Spanish deputy prime
minister: I'm not gay
Spanish Deputy Prime Minister María Teresa Fernández de la Vega has denied Internet rumors that she's a lesbian and secretly got married to a well-known female sportscaster.
'Man, finally someone asks me!' she told El Mundo newspaper's Sunday magazine Feb. 24, four years after the rumors began circulating.
'Well, look, no,' she said. 'It's a rumor about me that they've invented to do damage, using something that—hear me—I absolutely respect. I have no homophobia. But I'm not homosexual! If I were, I would have no problem in saying so. But it's just that I'm not!'
As for the TV sportscaster, 'What's up with that!' she exclaimed. 'I don't know her, we've never seen each other in our lives, and they have me married to her!'
Fernández de la Vega, who also is the government's spokesperson, said that although her mother always told her she had to get married, she is extremely happy 'being alone on my sofa, relaxing with a little music, without hearing anybody, without telephones ringing!'
Spanish gays picket
opposition party
headquarters
Spain's opposition Popular Party is threatening to undo the nation's 2005 legalization of same-sex marriage if it wins the March 9 election.

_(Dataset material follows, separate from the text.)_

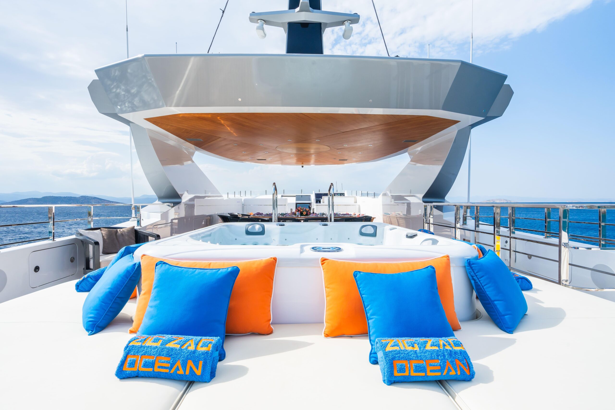 Zig Zag Ocean рассчитана на комфортное размещение до 10 гостей в 5 каютах. Все каюты отделаны материалами премиум-класса, включая высококачественную кожу и мрамор, обеспечивая максимальный комфорт и роскошь. Просторная полноширинная мастер-каюта оснащена гардеробной с большим объёмом хранения.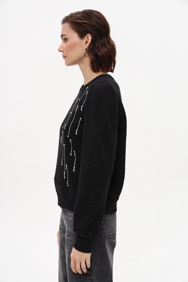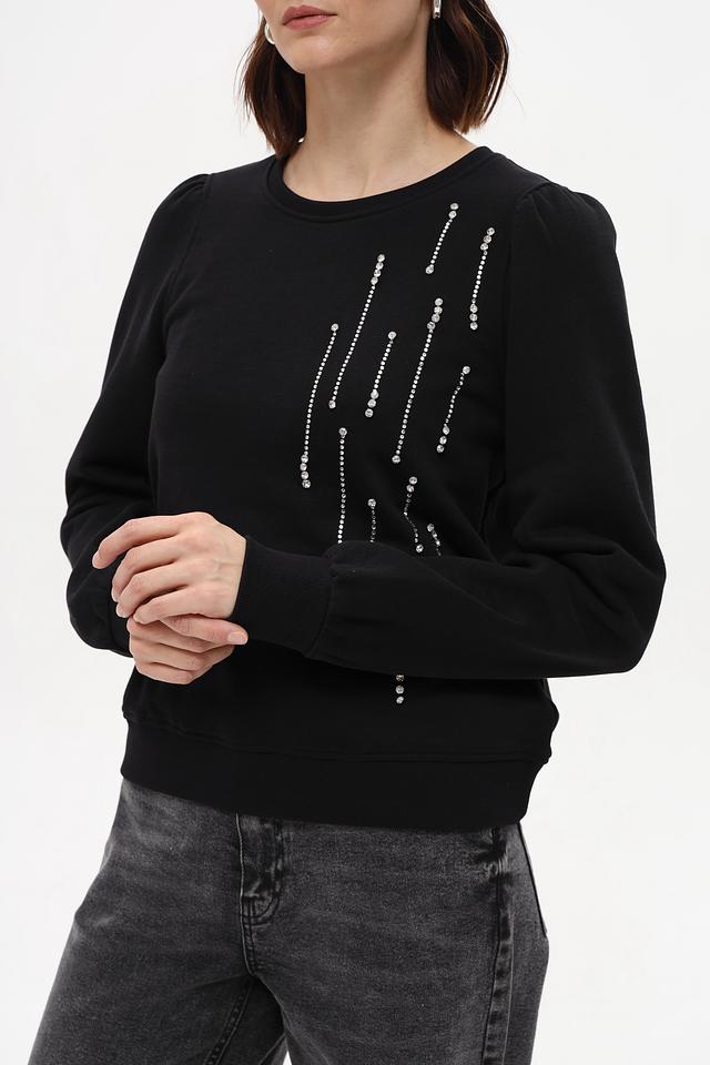 Особенностью данного пуловера является декор в виде вертикальных линий, выполненных в белом цвете. Этот элемент придает изделию оригинальность и делает его более интересным. Свободный крой и слегка спущенная линия плеч обеспечивают свободу движений и расслабленный образ.

Gay activists picketed the party headquarters Feb. 16, saying they were appalled at the party's desire to turn back the clock.
They carried signs saying, 'We are for a secular state' and 'No to religious dictatorship.'
Same-sex marriage also is legal in Belgium, Canada, the Netherlands, South Africa and Massachusetts.
Senegal police
tear-gas
anti-gay protesters
Police tear-gassed anti-gay protesters outside the Grande Mosque in Dakar, Senegal, Feb. 15.
The rock-throwing demonstrators were protesting the release from custody of 10 men who were jailed after the sensationalistic magazine Icône published photos of an alleged gay wedding the men supposedly had attended.
The protesters set trash piles on fire, blocked streets and chanted, 'We don't want homosexuals' and 'God is great.'
Penal Code Article 319 punishes homosexual acts with up to five years in prison and a fine of up to $3,000.
Most Dutch OK with gay prime minister
Seventy-eight percent of Dutch people would be OK with having a gay prime minister, according to a poll of 21,000 members of TV program EenVandaag's permanent opinion panel, NIS News Bulletin reported Feb. 6.
The panel also would be fine with a prime minister who is female ( 93 percent approval ) , unmarried ( 90 percent approval ) , atheist ( 87 percent ) , Black ( 75 percent ) or Jewish ( 53 percent ) .
But only 27 percent of the panel would support an Islamic prime minister and only 33 percent would be OK with a fundamentalist Christian prime minister.